America Shouldn't Treat China The Same Way It Treated Japan

America shouldn’t treat China the same way it treated Japan back in the 1980s.  When it comes to trade disputes, that is. It won’t work, and it could place the world trade and financial system at risk.

America’s current trade disputes with China parallel those with Japan back in the early 1980s. They both revolve around large trade surpluses, lack of access of American companies to domestic markets, and intellectual property protection.

America won those disputes by applying a number of hard negotiation tactics, which included the threat of tariffs on Japanese products.

Washington seems to be following the same approach in addressing these disputes with China as it did with Japan. The US trade war with Japan in the 1980s seems to be cited favorably as an example of how Washington might ‘win’ in the current dispute with China,” says Ilya Spivak, Sr Currency Strategist (DailyFX). “In fact, the approach adopted by Washington seems to be heavily influenced by current US Trade Representative Robert Lighthizer, a Regan White House veteran with strong involvement in its Japan strategy.”

But America’s approach — treating China the same way it treated Japan — seems weak, for a  number of reasons. One of them is that China is an emerging, not a developed country, as Japan was back then. This means that it’s normal for China to rely on exports as a major engine of economic growth rather than on domestic demand. It wasn’t for Japan back then.

China’s Terms of TradeKoyfin

Besides, China has already made some programs in reducing its reliance on exports. “While there are some parallels, they seem relatively shallow,” Spivak. “China has far stricter controls on its financial markets – and especially its currency – than Japan did on the eve of the 1985 Plaza Accord. That allows Beijing quite a bit more policy leverage. China’s deliberate move away from export-dependent growth in recent years insulates it further.”

Then there’s the state of competition between the two countries. Japan had developed a number of technology-intensive industries already that competed head to head against their American counterparts. Like automobiles, consumer electronics, and machine tools—to mention but a few.

That isn’t the case with China, which has yet to develop a single technology-intensive industry that presents a major challenge to its American counterparts.

And there’s another difference, too. The context — the conditions and circumstances surrounding the trade disputes — then and now. In the 1980s, the disputes took place within GATT. That was an informal trade organization working to cut tariffs across nations, including Japan, where tariffs remained high.

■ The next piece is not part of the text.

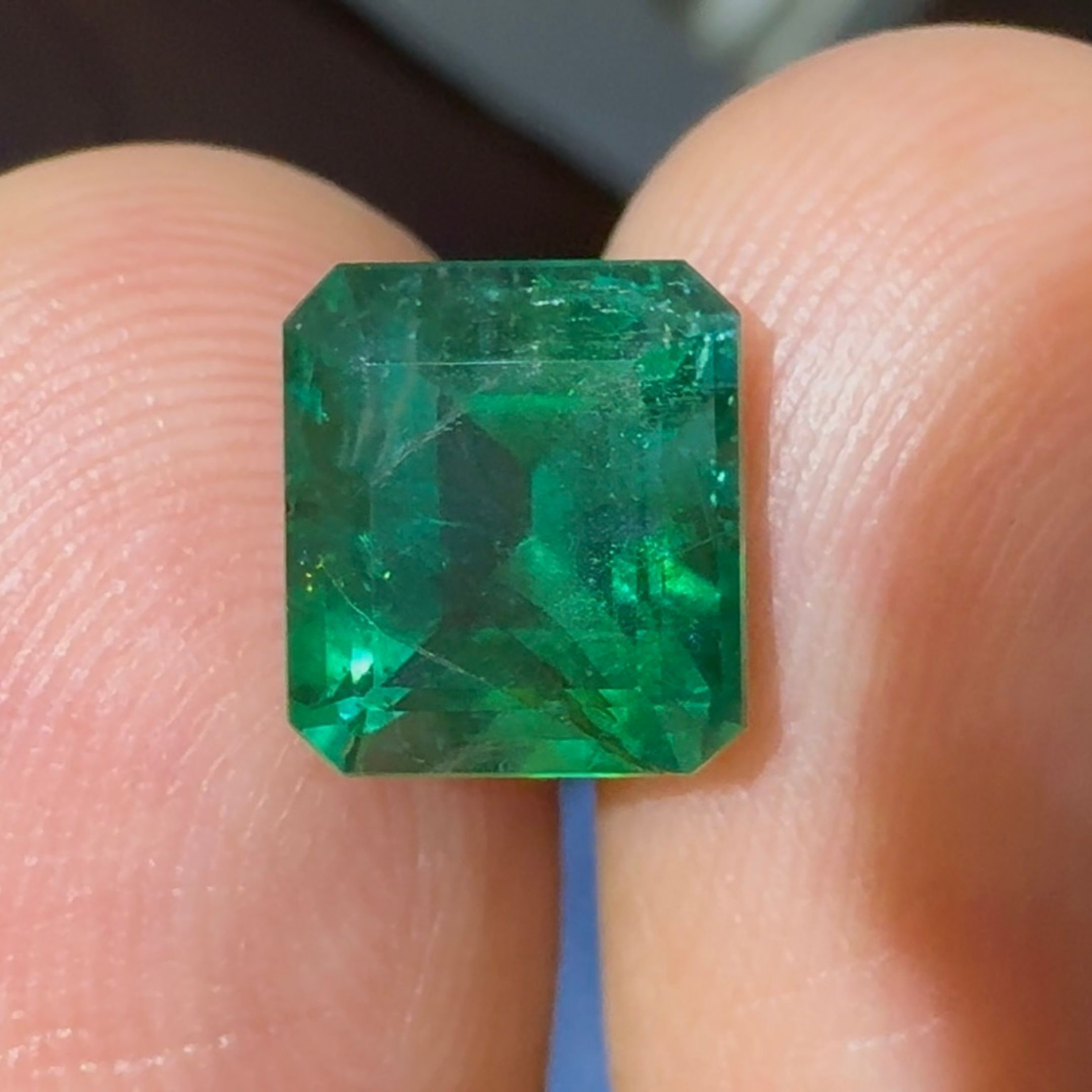 A vivid 2.35 carat Emerald Cut Zambian Emerald with exceptional clarity and rich green color. Its elegant cut and intense hue make it a perfect choice for luxurious fine‑jewelry creations.
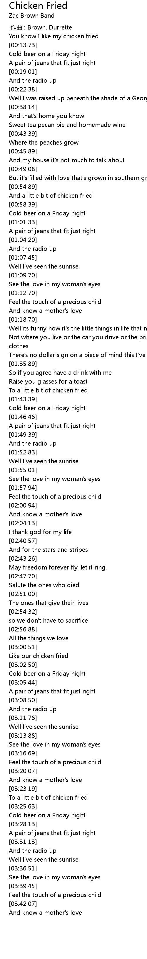 | [01:42.02] | To a little bit of chicken fried |

Now, the disputes are taking place within WTO, which replaced GATT.

That’s a formal trade organization that has already lowered tariffs for most products traded by its member nations, including China.

In the early 1980s, America’s mood was much different than it’s today. “Assuming that we’re discussing the peak years of the competitive and occasionally adversarial trade relationship between the U.S. and Japan in the 1980s and 1990s and then looking at the same for the U.S. and China, our observation is that these tensions are driven more by social mood in the countries involved and less so by the actual underlying fundamentals of any specific trade relations,” says  Mark Galasiewski, chief analyst for Asia and Emerging Markets at Elliott Wave International. “And, tensions that simmer in bull markets which reflect a more positive social mood are often exacerbated in bear markets which reflect a more negative one.”

And, finally, there’s history. Unlike Japan, China historically doesn’t yield to foreign pressure. Even if the odds are clearly against her.

And that’s dangerous for the world financial system.

That’s why America should leave China some breathing room.

Let it lose the trade war gracefully.